Each line of the data must be written out again verbatim; no image belongs in the copy.

• _DATASET CONTENT_:

########################################

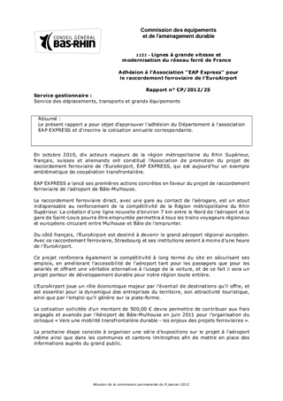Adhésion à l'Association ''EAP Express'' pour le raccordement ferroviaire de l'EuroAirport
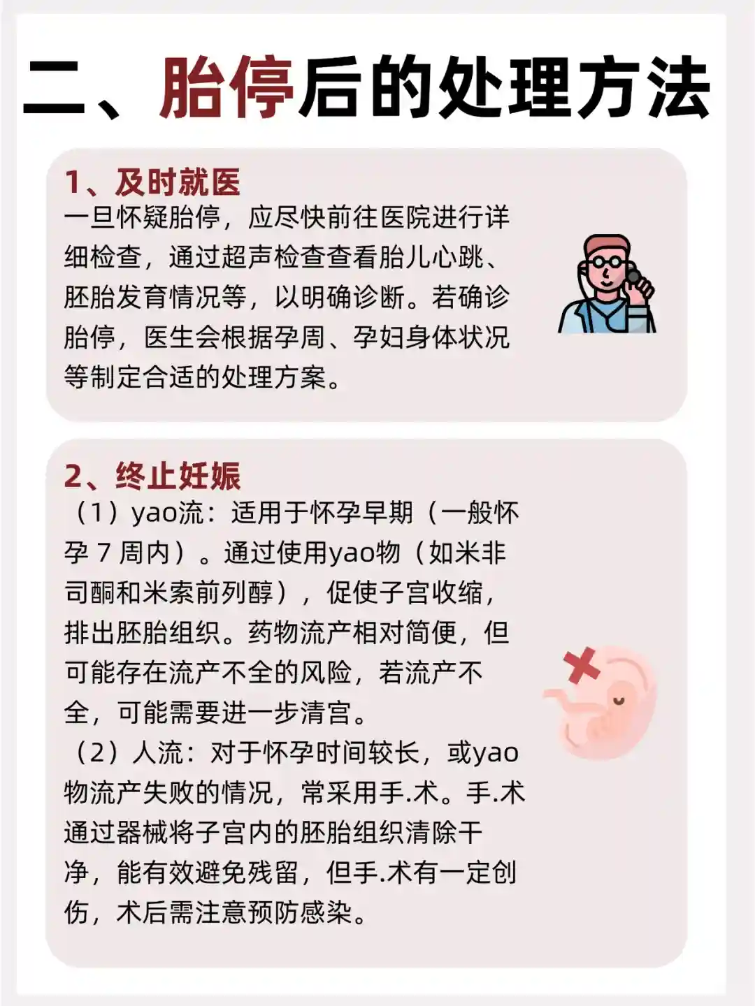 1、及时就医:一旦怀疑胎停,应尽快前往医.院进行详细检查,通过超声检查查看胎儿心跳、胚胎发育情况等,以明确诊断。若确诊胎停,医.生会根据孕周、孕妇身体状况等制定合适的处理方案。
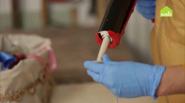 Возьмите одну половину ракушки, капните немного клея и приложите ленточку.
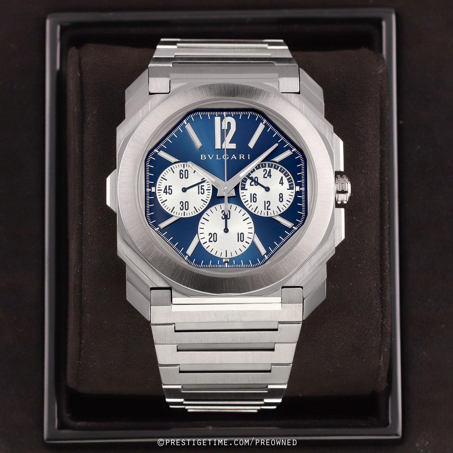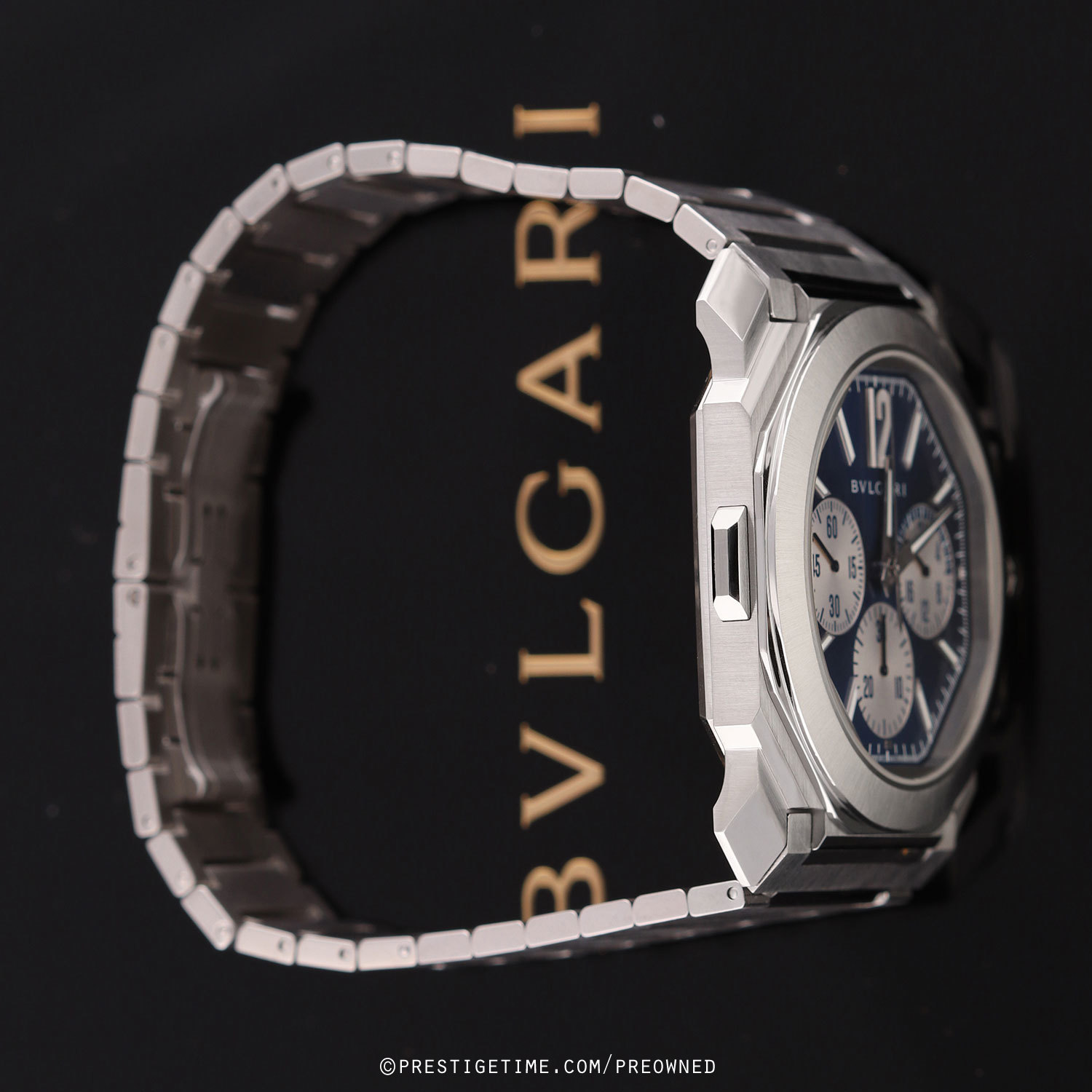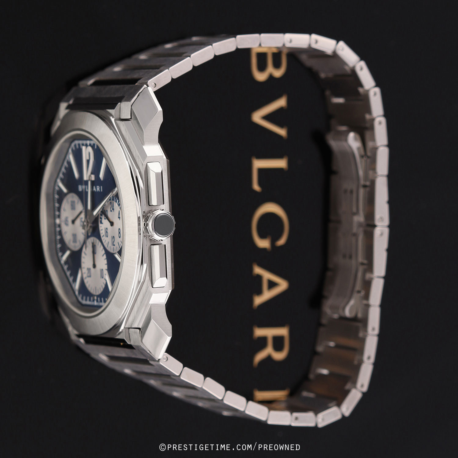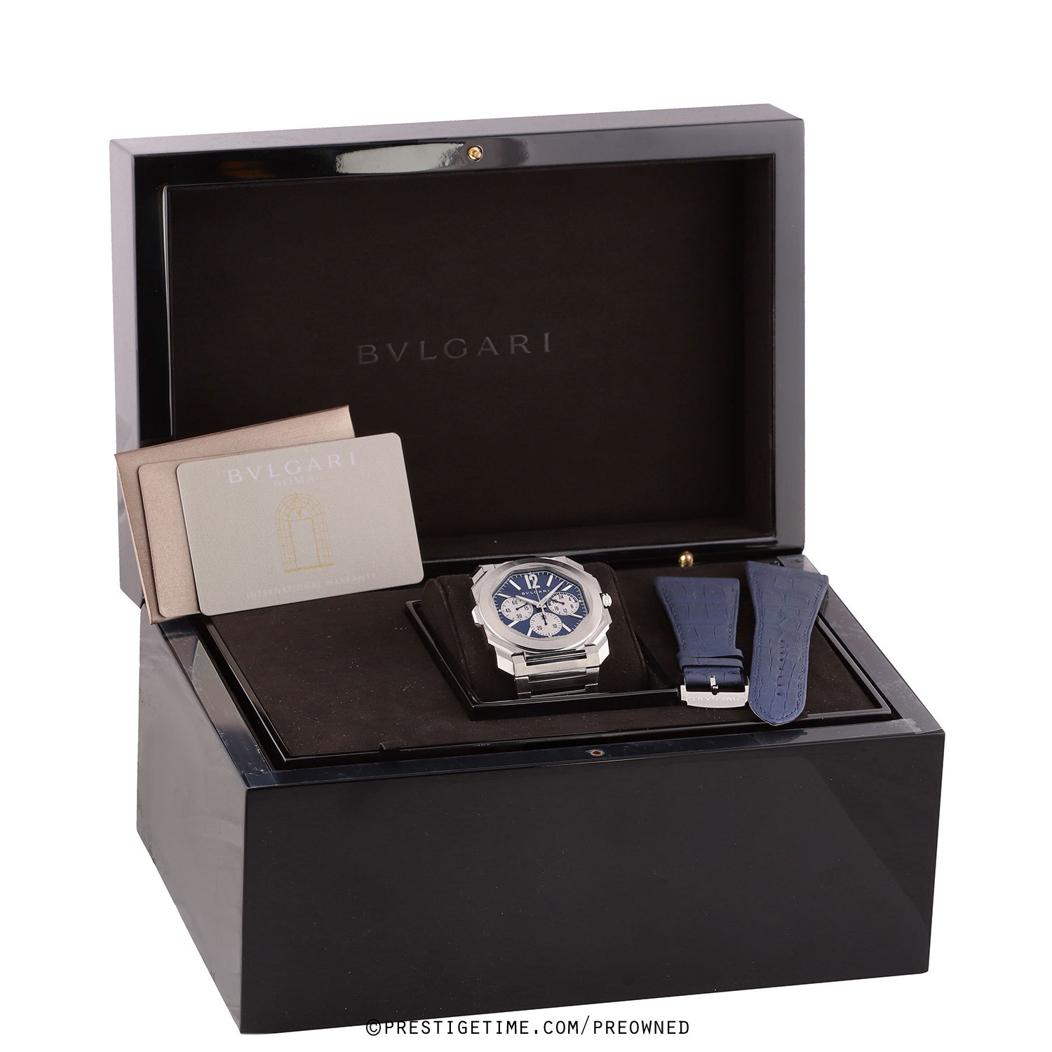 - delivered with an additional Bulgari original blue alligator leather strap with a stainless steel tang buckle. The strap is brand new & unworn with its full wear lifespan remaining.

########################################

• _THE ANSWER_:
Adhésion à l'Association ''EAP Express'' pour le raccordement ferroviaire de l'EuroAirport
 1、及时就医:一旦怀疑胎停,应尽快前往医.院进行详细检查,通过超声检查查看胎儿心跳、胚胎发育情况等,以明确诊断。若确诊胎停,医.生会根据孕周、孕妇身体状况等制定合适的处理方案。
 Возьмите одну половину ракушки, капните немного клея и приложите ленточку.
 - delivered with an additional Bulgari original blue alligator leather strap with a stainless steel tang buckle. The strap is brand new & unworn with its full wear lifespan remaining.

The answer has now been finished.